У самого порога силы оставили больного, и он едва не осел мешком на паркет. Гвардейцы, тихо ругнувшись, подхватили его на руки и так, в полусидячем положении, внесли в жарко натопленную комнату. Следом, причитая и шаркая ногами, быстро прошла немолодая толстая женщина в простонародной одежде и с большим медным тазом в руках, за ней пробежали две длиннокосые девчонки, несшие целый ворох тёплых покрывал. А оттуда, из комнаты, до княжны донёсся властный голос матери, отдававшей распоряжения прислуге. Этот голос словно подстегнул, заставил вспомнить, зачем она здесь. Но просто так войти в комнату императора вряд ли получится. Княжна помнила, какая охрана была у отца. Наверняка те гвардейцы не просто так остались в царских апартаментах. Окликнуть мать? Хороша же она будет, жалобно зовущая маму, словно маленькая девочка, сквозь поднятый прислугой и лекарями гам… Взгляд внезапно зацепился за валявшуюся на полу треуголку, от которой всё ещё исходил удушливый запах болезни. Жалкий предлог, но ничего лучшего она сейчас придумать не могла.

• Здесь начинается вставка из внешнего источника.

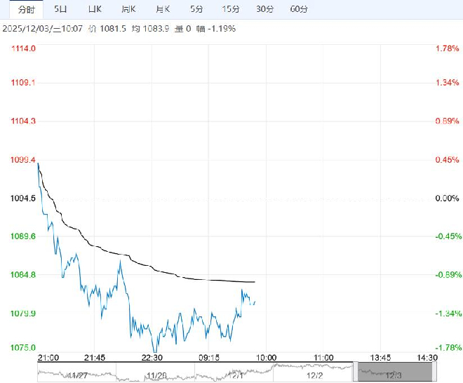 12月3日早盘,焦煤主力合约弱势震荡为主,目前盘内报1081.5元,跌幅-1.19%。盘面受基本面主导,双焦基本面边际走弱,现货降价符合预期。后期来看,煤矿供应端制约仍存,铁水高位,钢焦企业经过一段时间的原料消耗后,仍有补库需求。策略上,继续关注焦煤远月合约逢低做多机会。
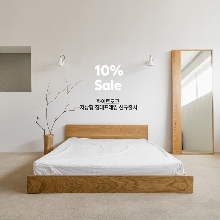 아늑한 안방 분위기를 내추럴 원목컬러의 화이트오크 저상형침대프레임 입니다, 북미산 오크에 100% 핸드메이드로 맞춤제작이 가능한 저상형침대프레임, 낮은침대, 낮은침대프레임
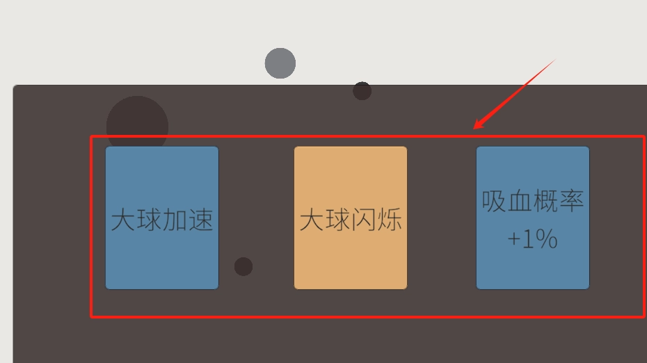 3、击三个红框选项大球加速、闪烁、吸血+1%,顶部灰黑点可能为技能触发键。
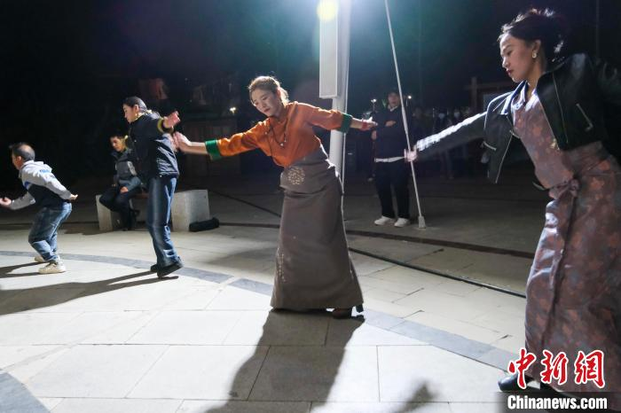 中新社拉萨4月27日电 题:夜间锅庄舞让西藏青年收获快乐
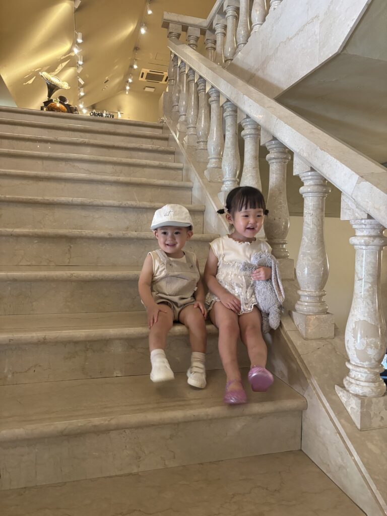 • パパに「ちょっと待って」と言われ、待機する2歳兄と10ヶ月娘。しかし直後、現れたパパの様子に「すんごいパリピww」「パパが1番楽しんでる」

Она всегда начинала большие дела с таких вот едва заметных мелочей. И, судя по выражению лица матери, старая княгиня это помнила. Губы поджаты, лицо каменное. Не так, не так должна смотреть мать на своё детище.

— Зачем ты пришла? — спросила она по-альвийски, одарив дочь, так и не выпустившую треуголку из рук, холодным взглядом. — Ты всю жизнь училась убивать, а не исцелять.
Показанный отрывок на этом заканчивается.